Spirit Airlines is a relative small-fry with just 37 planes at the end of fiscal 2011, but it is planning to add an additional seven in 2012. The key points here are that the law of big numbers is a long way off from catching up to Spirit, which could easily grow in excess of 20%, by my estimates, for many years to come, and that the company is rapidly growing capacity at a time when national carriers like United Continental Holdings (NYSE: UAL ) and Delta Air Lines (NYSE: DAL ) are reducing capacity to cut costs. That's a solid recipe for Spirit to continue to pick up market share.
How it stacks up
Let's see how Spirit Airlines stacks up next to its peers.
SAVE data by YCharts
Spirit is dominating its peers based on its performance since going public.
Cash / Debt
||$343 million / $0
||$306 million / $146 million
|Southwest Airlines (NYSE: LUV )
||$3.14 billion / $3.75 billion
|Delta Air Lines
||$3.62 billion / $13.88 billion
Sources: Morningstar, Yahoo! Finance. NM = not meaningful
As a capital-intensive business with razor-thin margins, having ample liquidity and being able to turn a profit are the two most important factors for any airline.
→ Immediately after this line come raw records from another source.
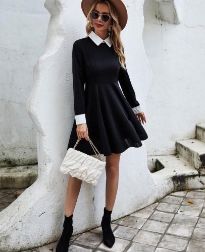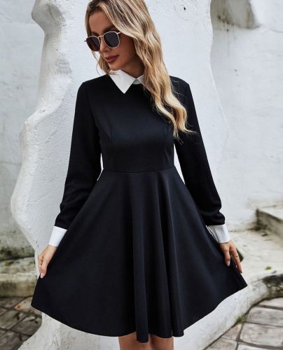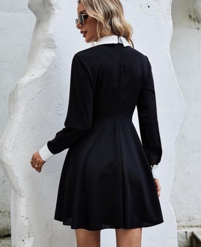 • Kadın uzun kollu gömlek yaka krep kumaş elbise
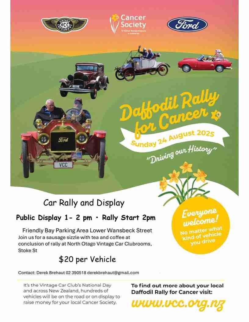 The Organising group are looking for marshals on the day to direct traffic, so if this is something you may like to do please contact any of the committee members. This event is open to all vehicles regardless of age so please let your friends and neighbours know. $20 per vehicle, all funds going to our local branch of the Cancer Society so the more vehicles the greater the donation. If you belong to another club or group we have flyers available for you to spread around to encourage others to participate.
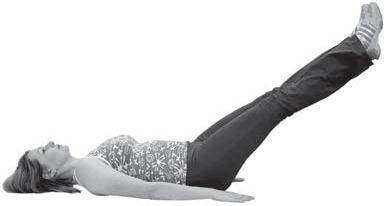 2. Исходное положение то же. Лопатки прижаты к полу, руки вдоль туловища. Поднимайте и опускайте прямые ноги, напрягая нижнюю часть мышц брюшного пресса (фото 2).
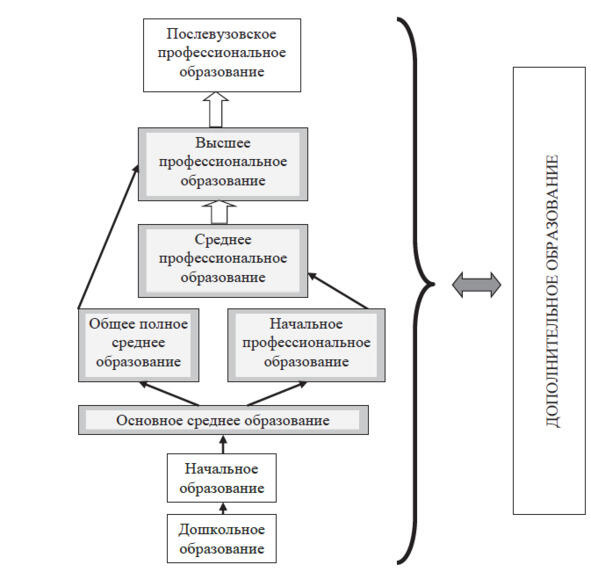 Структура системы непрерывного образования, по Закону об образовании [18, С. 2428] соответствующая возможным путям образовательного развития личности, приведена на схеме рис. 1.1. Заливкой обозначена область перехода от общего образования («школа») к высшему профессиональному («вуз»).
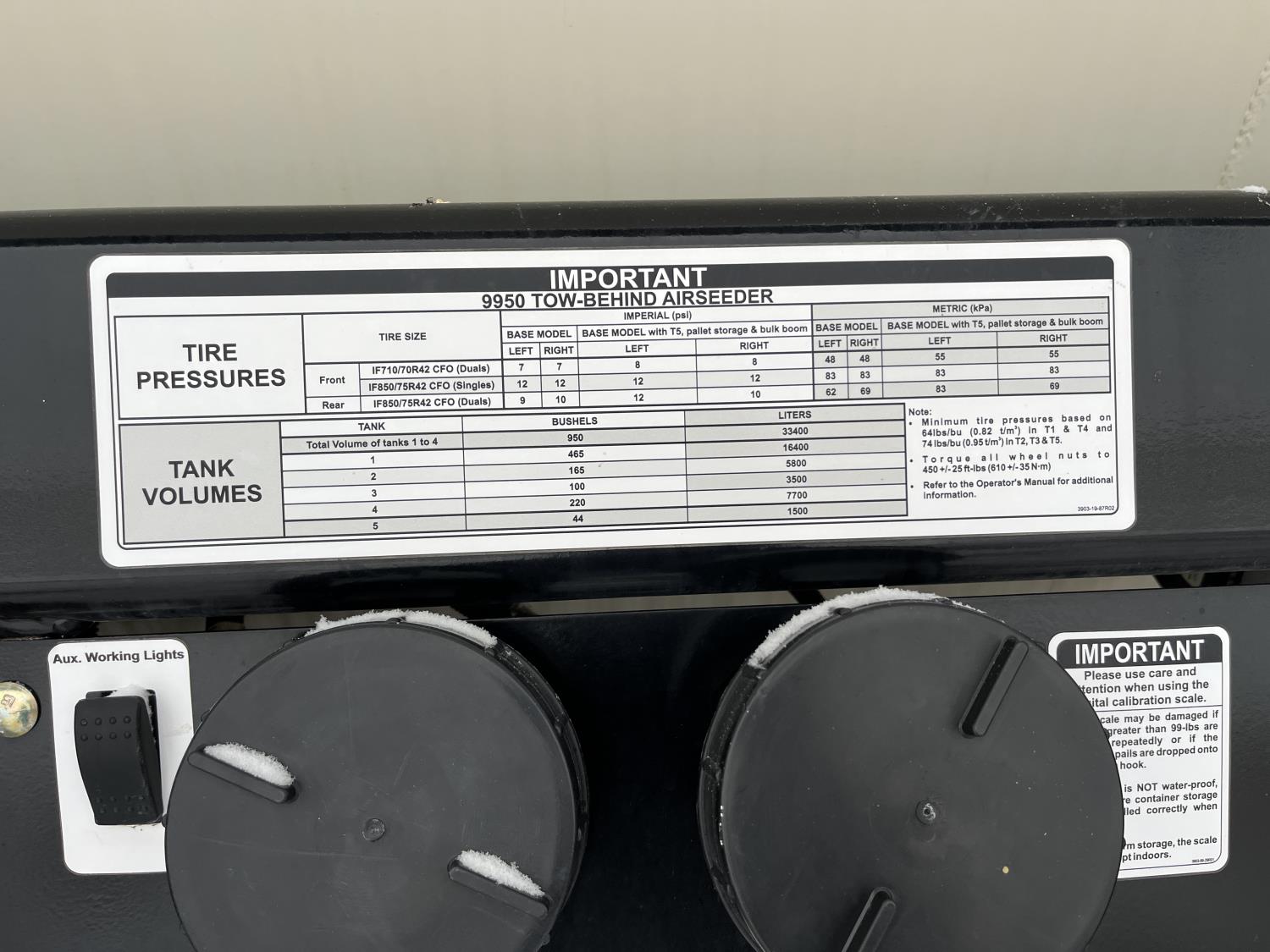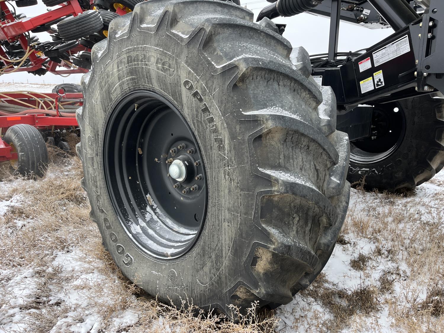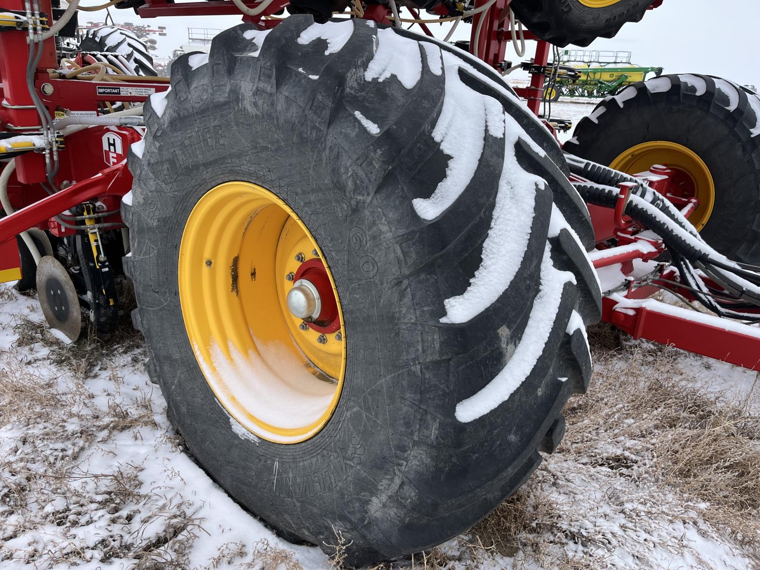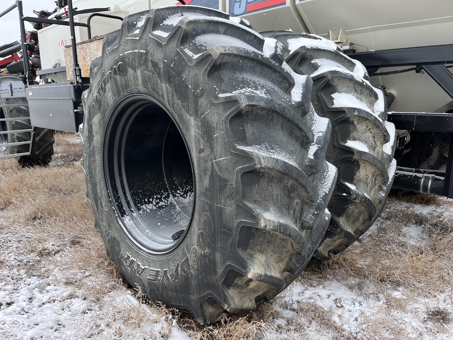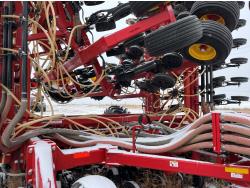 10 inch spacing, double shoot, single row openers, mid row banding, 4.5 inch rubber packers, seed monitor, blockage sensors, TopCon X35 monitor, 5 tank metering with scales, saddle tank, tank cameras, Air Cart: 5 compartments, 15 inch loading conveyor, double fan, variable rate metering, sectional control, TNK 1 : 465 bushel, TNK 2 : 165 bushel, TNK 3 : 100 bushel, TNK 4 : 220 bushel, TNK 5 : 44 bushel, saddle tank, high float, MRB III, TopCon Apollo blockage, high capacity fan, wide gauge wheels, pack master plus lift master, approximately 15,000 acres seeded , 850/75R42 front tires, dual 850/75R42 rear tires
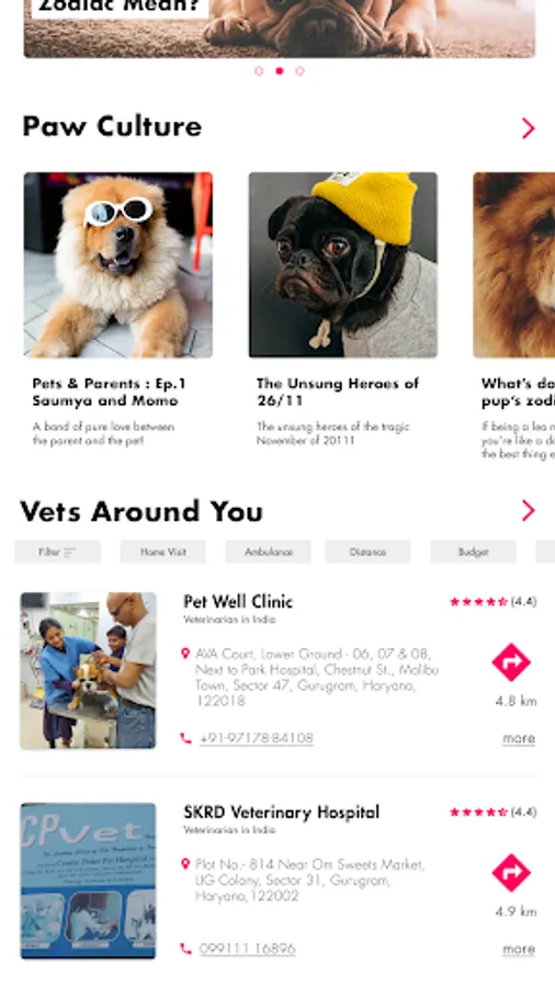 - Find vets, groomers, and more in your vicinity, filtered by distance, prices, and services provided.
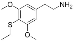 Thioescaline (TE) is a pair of lesser-known psychedelic drugs with the chemical formula C12H19NO2S. They structural analogs of escaline in which an oxygen atom has been replaced with a sulfur atom. They were first synthesized by Alexander Shulgin and reported in his book PiHKAL.[1][2] Very little is known about their dangers or toxicity.

Spirit is well-covered with absolutely no debt and $343 million in cash. In fact, it actually boasts a better net cash balance and a lower forward P/E and price-to-cash-flow than my sector favorite, Allegiant. Wall Street darling Southwest Airlines, on the other hand, has seen a net cash position turn into a net debt position of $617 million over the past year. National carriers continue to struggle despite their ebb-and-flow profitability. Delta, with its $10.3 billion in net debt, is a prime example of the risk associated with investing in the airline sector.
Now for the real question: What's next for Spirit Airlines? The answer really depends on whether it can continue to maintain and introduce what it refers to as its "optional fees" without alienating or angering its customer base.
Our very own CAPS community gives the company a two-star rating (out of five), with 35 of 49 members expecting it to outperform. Although I have not personally made a CAPScall on Spirit Airlines either way, I remain cautiously optimistic about its future. There's little denying that it appears cheap given its growth forecasts, and its balance sheet is impeccable. I am, however, concerned that the company's "charge first, ask questions later" business model could wind up ostracizing its customers over the long run. Spirit can get away with these extra fees because of extremely low teaser fares, but I wonder what will happen when more airlines attempt to follow suit? That's a tough question that only time can answer.